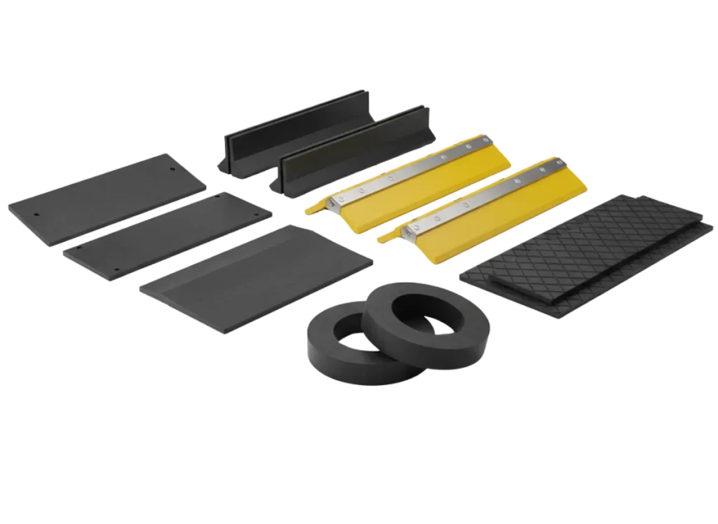 Impact bars, skirt rubber, wear pads
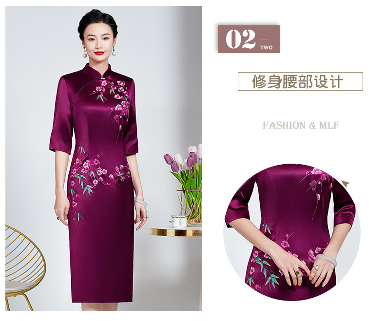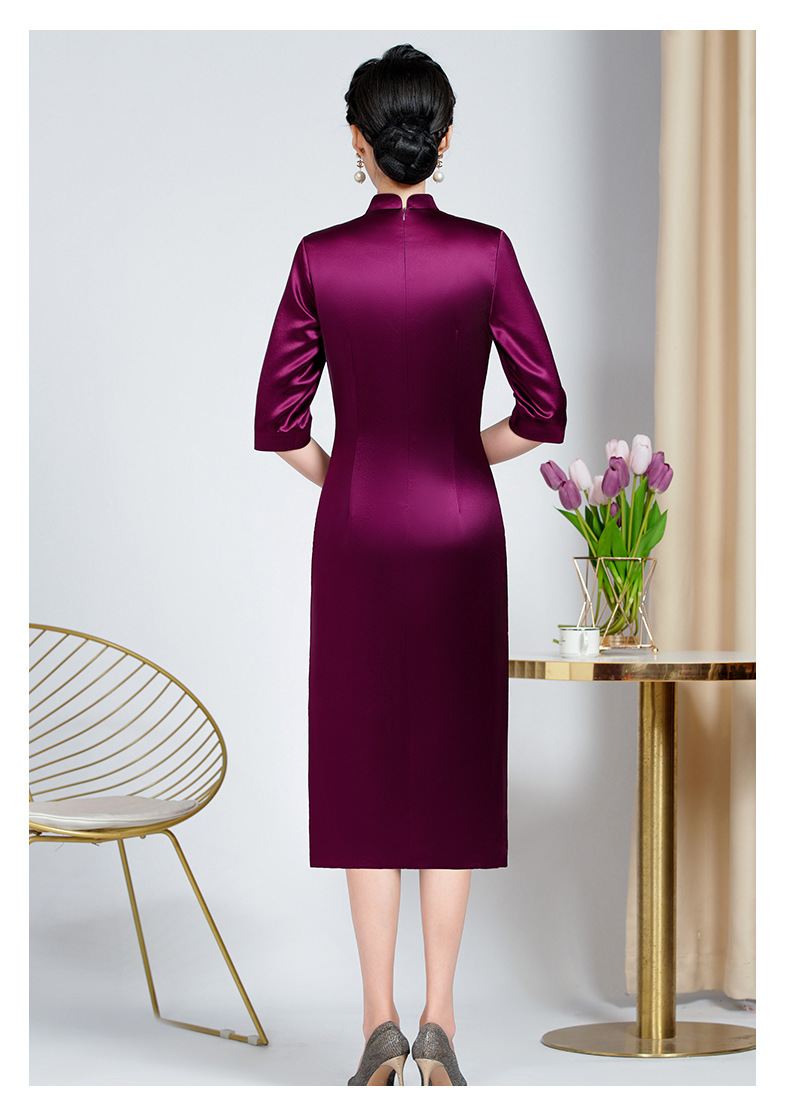 MLY醋酸缎改良妈妈岳母婚宴立领旗袍礼服过膝刺绣气质喜婆婆紫色礼服
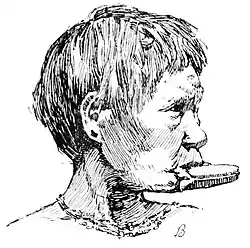 except with reference to their custom of wearing the large and broad lip and ear ornaments shown in the accompanying illustrations.
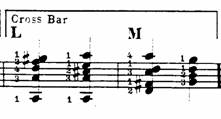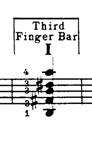 FODEN 1920: 26 nos explica la hinge bar o cejilla bisagra, en la que el extremo superior o inferior del dedo que hace la cejilla se levanta momentáneamente para permitir pulsar una cuerda al aire. En la fig. 9 vemos los ejemplos dados por Foden.![]()
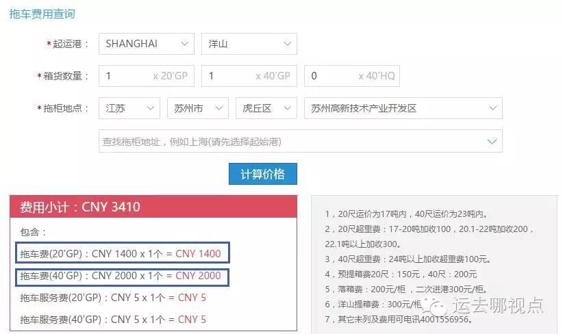 ▼以“运去哪”官网苏州虎丘区进上海洋山港为例,小柜拖车1400元,大柜拖车2000元,价格相差约43%!
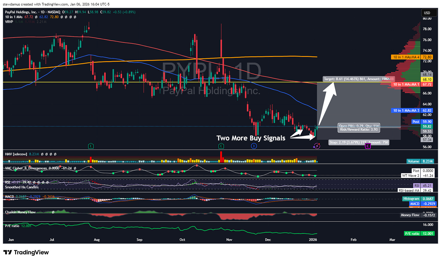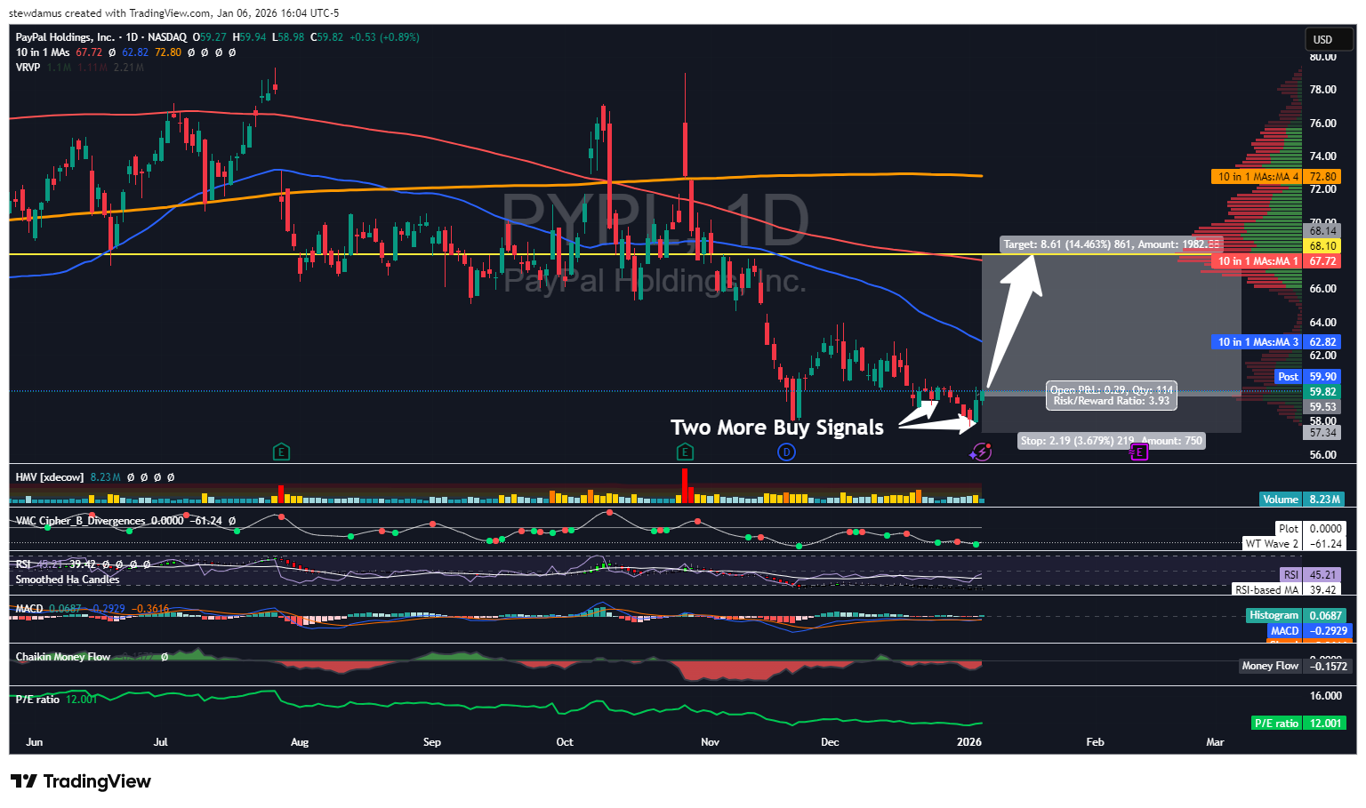 Because I kept my stops fairly tight on my last entry into PYPL, I was stopped out. I was okay with that. However, since that time, I have received two more buy signals with my Pivot Zones indicator. I can’t ignore these signals. I have re-entered at a price of $59.53 with a 1:4 rrr. Same target, but the stop is just below that last pivot low rn.

------------------------

--- What is being asked ---
Your task is to set down each line above verbatim while excluding the pictures.

--- Result of this exercise ---
 Impact bars, skirt rubber, wear pads
 MLY醋酸缎改良妈妈岳母婚宴立领旗袍礼服过膝刺绣气质喜婆婆紫色礼服
 except with reference to their custom of wearing the large and broad lip and ear ornaments shown in the accompanying illustrations.
 FODEN 1920: 26 nos explica la hinge bar o cejilla bisagra, en la que el extremo superior o inferior del dedo que hace la cejilla se levanta momentáneamente para permitir pulsar una cuerda al aire. En la fig. 9 vemos los ejemplos dados por Foden.![]()
 ▼以“运去哪”官网苏州虎丘区进上海洋山港为例,小柜拖车1400元,大柜拖车2000元,价格相差约43%!
 Because I kept my stops fairly tight on my last entry into PYPL, I was stopped out. I was okay with that. However, since that time, I have received two more buy signals with my Pivot Zones indicator. I can’t ignore these signals. I have re-entered at a price of $59.53 with a 1:4 rrr. Same target, but the stop is just below that last pivot low rn.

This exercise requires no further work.